When Pauls Toutonghi's new novel, Red Weather, came upon the literary scene, I was greatly pleased. I've been an avid reader in both languages - Latvian and English - since earliest childhood, but however many good books I read about the war and later experiences of Latvians immigrating to other countries and cultures, it was rare to come across a worthy tome in English. History books, yes, but far more rare, a good attention-grabbing novel that I could proudly share with non-Latvian friends.

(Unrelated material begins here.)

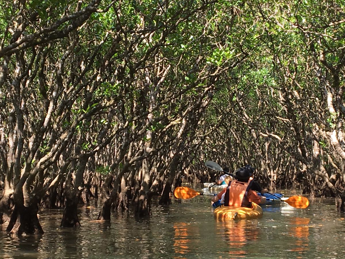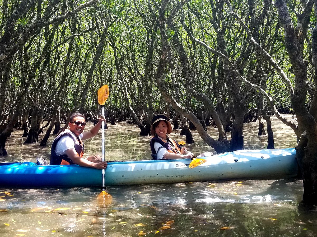 午後のマングローブのカヌーは、干潮の時間を考慮して昼食時間を長くとってくださり、街中の散策もできました。カヌー置き場に着いた時には、まだ干潟も残っていましたが、干潟での体験も面白いからと出発して干潟に上陸。素足で干潟に上がると、シオマネキがサッと巣穴に入り、白かった干潟があっという間にただの泥に。童心に帰り、シオマネキを取ったり、マングローブの種の実を取ったりしていくうちに、潮が満ちて来ました。いよいよマングローブのジャングルでのカヌー体験が始まり、ワクワクドキドキ!滅多にのらないカヌーに、最初は不安を覚えましたが、そこは安心あれ。ガイドさんの丁寧な指導の元、不安も解消され、本当に楽しいジャングルツアーを経験できました。マングローブの森にできた細い道をカヌーで進む時の冒険心をくすぐる感覚は、なかなか経験できるものではありません。今回のツアーでは、ガイドさんの経験に基づき、時間が大幅に延長されましたが、延長料金が発生するわけでもなく、最後まで楽しく世話をして下さり感謝しています。本当に楽しい1日でした。ありがとうございます。

Now, here's Pauls. With one Latvian parent, it is my understanding he has grown up in the Milwaukee area, active in the Latvian community and, having visited Latvia, is well-acquainted, one would suppose, with the culture and something of the nation's history. For these reasons, I read the novel with high expectation and excitement.

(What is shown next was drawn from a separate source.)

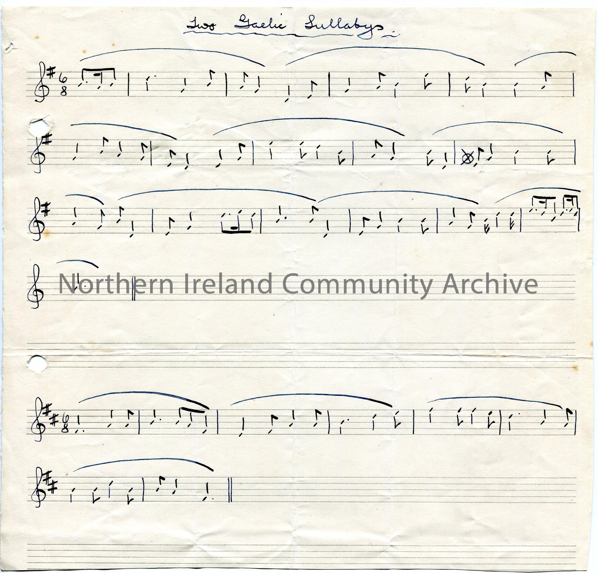 Hand drawn staff notation - 'Two Gaelic Lullabys'.

Pauls' writing abilities do not disappoint. Still quite young, he has already accrued an impressive publishing history, and has won the Pushcart Prize. His descriptions are lively, his storyline pulls us along, his sense of humor is intact.

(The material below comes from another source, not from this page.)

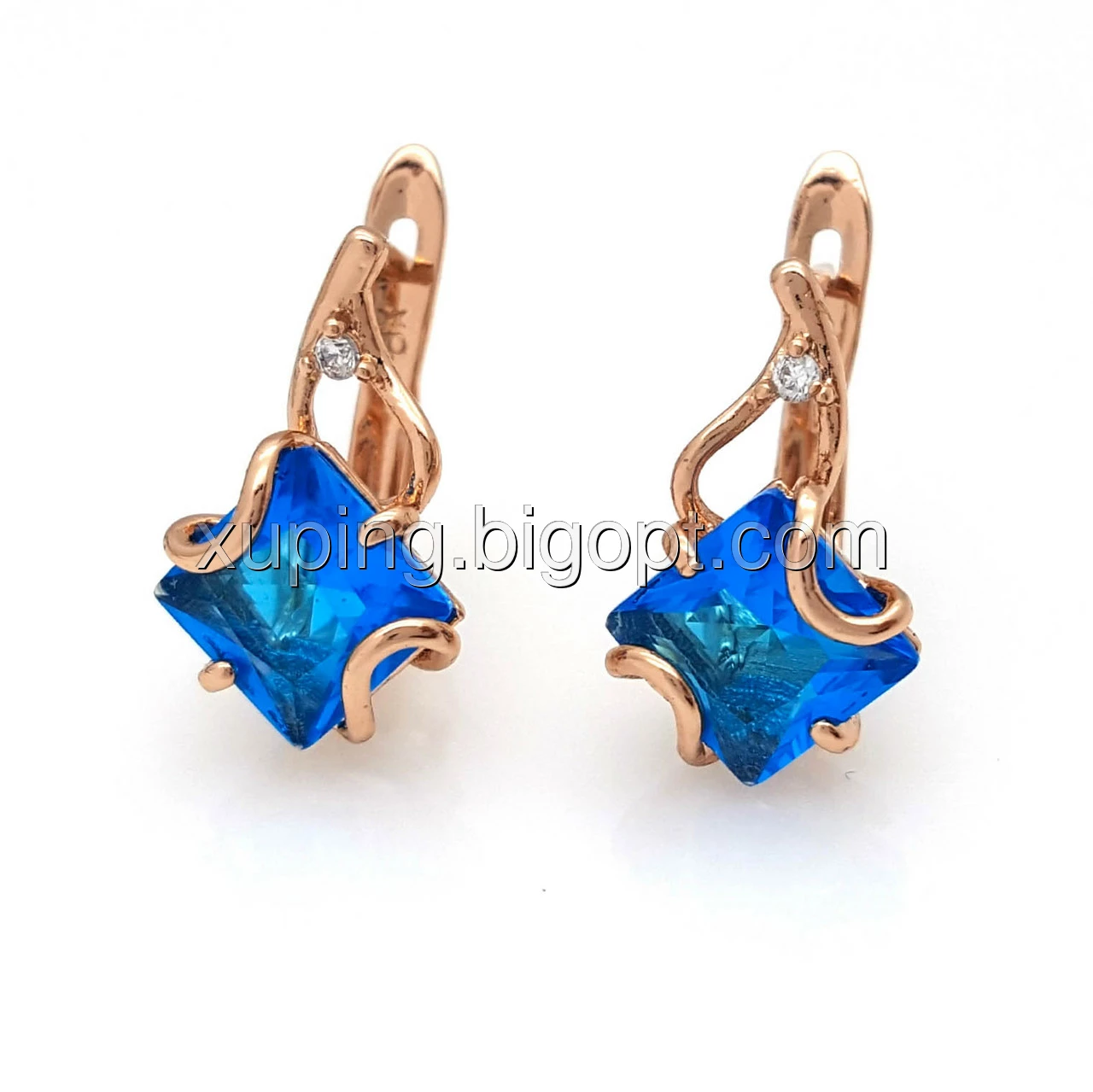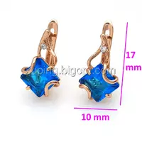 Серьги Ромб с бирюзовым цирконием, англ.замок, позолота Xuping, 14К

And yet. The further I read, the more I realized, no, this was not going to be the book that I would pass on to Latvians I know, or to non-Latvians I'd like to invite a little more intimately into my multi-cultural world. The novel works as an entertaining read for non-Latvians, perhaps, but for those who do know the history and culture, well, not so much. I think my sense of humor is healthy, but I can't help feeling, for instance, that describing Latvians visiting the United States as being so dense as to put ketchup on every possible food, even bananas, craving to taste the American life, is taking the joke into the much less fun realm of ridicule. Or the Latvian mother as so eye-rollingly lacking in self-awareness as to walk Milwaukee streets wearing a Pabst hardhat with a beer can on it as if she were wearing a Parisian fashion statement. Surely not. I cringed in embarrassment. Humor is often built on slapstick and exaggeration, but would those who have no other knowledge of Latvians, perhaps never will have any other exposure than this novel, think this is what it means to be a Latvian? Bumbling fools?
Perhaps even more worthy of remark are some historic inaccuracies. Although this is a fictional work, even fiction must keep its feet firmly on factually solid ground before branching into fantasy. One such example is the allusion to Latvia's president, Karlis Ulmanis, and his attempt to escape to Finland during the Soviet invasion of World War II (see page 166). In fact, President Ulmanis held his place, broadcasting over the radio waves to the nation even as the Soviet tanks crossed the Russian border, keeping down the panic and requesting all to remain in their places, thus saving many Latvian lives. He was taken by force from his office by the occupying army, and was never seen alive again. Educated guesses are that he was deported to Siberia, where he died in a Gulag (concentration camp), but his body has never been found.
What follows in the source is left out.